[Dataset content — start]
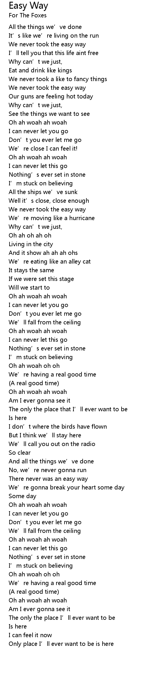 | Song | Easy Way |
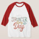 A t-shirt apresenta a mensagem motivacional "Fortalecer cada dia" num design ousado e multicolorido. Cada palavra poderia ser uma cor vibrante diferente, ou as cores poderiam se misturar em um gradiente. O texto está centrado na camisa, com bastante espaço ao seu redor para que o design se destaque.
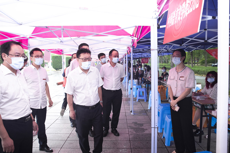 9月2日,我院喜迎2022级本科新生入学报到。当天上午,校党委书记汪俊昌、副校长陈均土一行来院,检查指导学院开学疫情防控和迎新工作,听取有关工作汇报,看望2022级新生,慰问迎新工作人员、学生志愿者。院党委书记梁瑜、院长沈红卫作工作汇报,班子全体成员陪同走访。
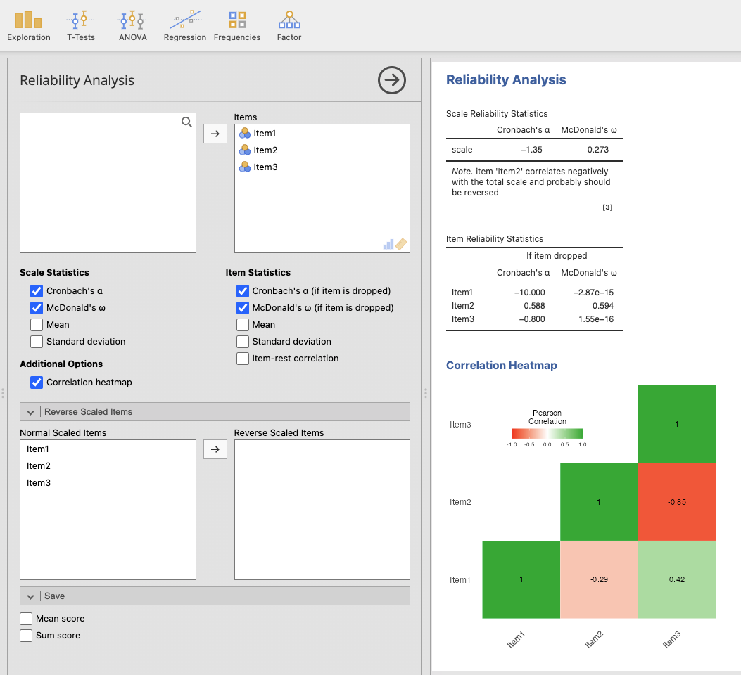 McDonald’s omega เป็นหนึ่งในวิธีการวัดความเชื่อถือของการวัด (reliability) ที่ใช้ในการวิเคราะห์ข้อมูลที่เกี่ยวข้องกับแบบสอบถามหรือข้อสอบที่มีหลายรายการ (items) อีกหนึ่งวิธีนอกเหนือจาก Cronbach’s alpha โดย McDonald’s omega มีความยืดหยุ่นมากกว่าในการวัดความเชื่อถือของรายการที่ไม่ได้มีการสมมติฐานความสม่ำเสมอ (tau-equivalence) ซึ่งทำให้ McDonald’s omega เป็นทางเลือกที่ดีในบางกรณีที่ Cronbach’s alpha อาจจะไม่เหมาะสมหรือไม่สามารถนำมาใช้ได้ตามเงื่อนไขที่กำหนดไว้
[Dataset content — finish]
**Task statement:** Give back exactly the lines from the line with "9月2日,我院喜迎2022级" through the end of the material above, and omit every picture.

**Exercise output:**
 9月2日,我院喜迎2022级本科新生入学报到。当天上午,校党委书记汪俊昌、副校长陈均土一行来院,检查指导学院开学疫情防控和迎新工作,听取有关工作汇报,看望2022级新生,慰问迎新工作人员、学生志愿者。院党委书记梁瑜、院长沈红卫作工作汇报,班子全体成员陪同走访。
 McDonald’s omega เป็นหนึ่งในวิธีการวัดความเชื่อถือของการวัด (reliability) ที่ใช้ในการวิเคราะห์ข้อมูลที่เกี่ยวข้องกับแบบสอบถามหรือข้อสอบที่มีหลายรายการ (items) อีกหนึ่งวิธีนอกเหนือจาก Cronbach’s alpha โดย McDonald’s omega มีความยืดหยุ่นมากกว่าในการวัดความเชื่อถือของรายการที่ไม่ได้มีการสมมติฐานความสม่ำเสมอ (tau-equivalence) ซึ่งทำให้ McDonald’s omega เป็นทางเลือกที่ดีในบางกรณีที่ Cronbach’s alpha อาจจะไม่เหมาะสมหรือไม่สามารถนำมาใช้ได้ตามเงื่อนไขที่กำหนดไว้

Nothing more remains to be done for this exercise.